Balaram, S., Nguyen, C. M., Kassim, A., & Krishnaswamy, P. (2022). Consistency-Based Semi-supervised Evidential Active Learning for Diagnostic Radiograph Classification. Medical Image Computing and Computer Assisted Intervention – MICCAI 2022, 675–685. https://doi.org/10.1007/978-3-031-16431-6_64
Deep learning approaches achieve state-of-the-art performance for classifying radiology images, but rely on large labelled datasets that require resource-intensive annotation by specialists. Both semisupervised learning and active learning can be utilised to mitigate this annotation burden. However, there is limited work on combining the advantages of semi-supervised and active learning approaches for multi-label medical image classification. Here, we introduce a novel Consistency-based Semi-supervised Evidential Active Learning framework (CSEAL). Specifically, we leverage predictive uncertainty based on theories of evidence and subjective logic to develop an end-to-end integrated approach that combines consistency-based semi-supervised learning with uncertainty-based active learning. We apply our approach to enhance four leading consistency-based semi-supervised learning methods: Pseudo-labelling, Virtual Adversarial Training, Mean Teacher and NoTeacher. Extensive evaluations on multi-label Chest X-Ray classification tasks demonstrate that CSEAL achieves substantive performance improvements over two leading semi-supervised active learning baselines. Further, a class-wise breakdown of results shows that our approach can substantially improve accuracy on rarer abnormalities with fewer labelled samples.

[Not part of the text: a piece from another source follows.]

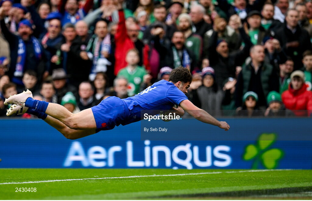 11 February 2023; Damian Penaud of France dives over to score his side's first try during the Guinness Six Nations Rugby Championship match between Ireland and France at the Aviva Stadium in Dublin. Photo by Seb Daly/Sportsfile

This research / project is supported by the A*STAR - AME Programmatic Funds
Grant Reference no. : A20H6b0151
Research efforts were supported by the Singapore International Graduate Award (SINGA Award), Agency for Science, Technology and Research (A*STAR) as well as funding and infrastructure for deep learning and medical imaging R&D from the Institute for Infocomm Research, Science and Engineering Research Council, A*STAR.